I was picking and choosing the people I would be honest with and whom I would speak to.
This art of lying seems to come easy to me as I have been living a lie for so long. Last night
I came clean on my personal facebook page about how I feel about living with HIV, I turned the tables of me; I said what I see as my story.
I cannot partially engage in the Stigma (by being silent) then act as if I am a help to the community.
So it’s out there. Some are ok and some not. This does not change how I see myself. I am a strong woman who has overcome so much.
I am a battle to reckon with. I, as of now, speak my truth, my story, no partial story or covering up what one might have heard.
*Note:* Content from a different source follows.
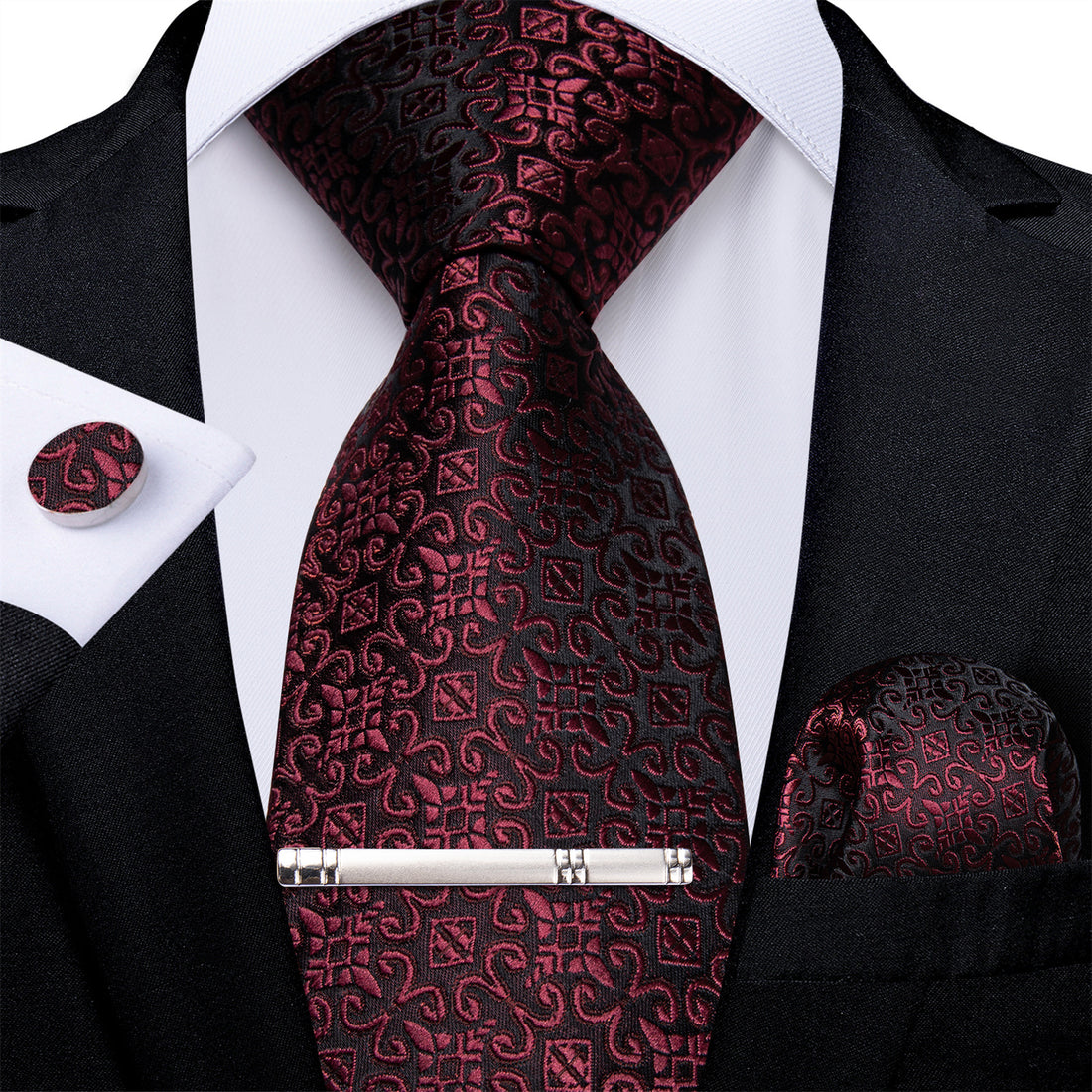 Claret Floral Men's Tie Handkerchief Cufflinks Clip Set

I am available, I study daily to ensure I can give accurate answers or give direction where to find the correct sources for the answers.
I am not afraid of HIV so why would I let others’ opinions of me take this from me. Knowledge is only power when we use it.
Thanks to all the women who have helped me to embrace myself - every part of me.
Today I followed up on my fb with and open invitation to anyone with questions or concerns on HIV. I am not an expert. I know my travels and I know I can help others. Fear will not be in the way. I stand strong and united with the thousands of women who too are fighting this crazy world full of "Stigma, hate, and Ignorance" I am proud to be a part of such a force.